– Вы можете покончить с этим, шевельнув мизинцем, – сказал Гарри. – Никакого закона тут нет. Можете, по крайней мере, отложить. Он молод, вы молоды, так что это позволительно, даже ожидаемо.
– Ему тридцать восемь, почти уже тридцать девять. У него день рождения в сентябре.
– Он на столько же старше меня, на сколько я старше вас.
– Еще больше, если учесть его характер и здоровье. Он кажется гораздо старше. Мне это должно нравиться: так положено.
– А вам нравится?
– Нет.
– Кэтрин, а у меня есть шанс?
– Шанс у вас, конечно, есть. Но я должна выйти за него. Все этого ждут. Я с ним уже более или менее состою в браке.
– Нет, вам же всего двадцать три.
– С тех пор как мне было тринадцать… – сказала она, сожалея, что ей придется повернуть разговор в эту сторону.

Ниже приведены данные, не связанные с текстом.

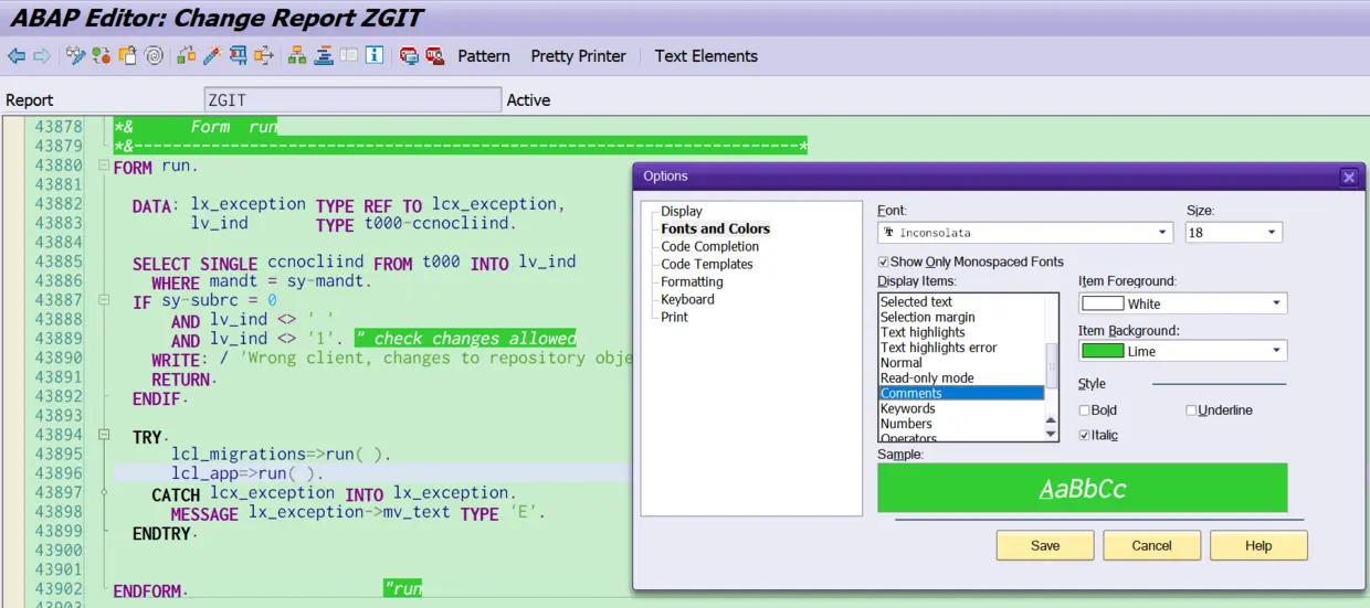 但幸好我们的开发环境还是能够进行各种个性化设置,所以虽然大家都穿着一样的格子衫,但面对的却是色彩各异的开发环境。比如SAPGUI的Options选项,给ABAP开发人员提供了种类丰富的ABAP编辑器UI元素风格的自定义设置,诸如背景色,关键字高亮颜色,注释高亮颜色,断点高亮颜色等等。

– Что с тех пор, как вам было тринадцать?
Она не ответила.
– Когда вам было всего тринадцать?
– Почти четырнадцать.
– А ему тридцать.
– Двадцать девять.
– Вы были ребенком.
– Не долго.
– Ваши родители знают?
– Когда я начала репетировать в театре, отец отвел меня в сторонку. Он вывел меня в сад и объяснил, что у театрального народа иные нравы, чем у нас, и что от актрис ожидают распущенности, но что я не должна стыдиться своей девственности, должна ее хранить.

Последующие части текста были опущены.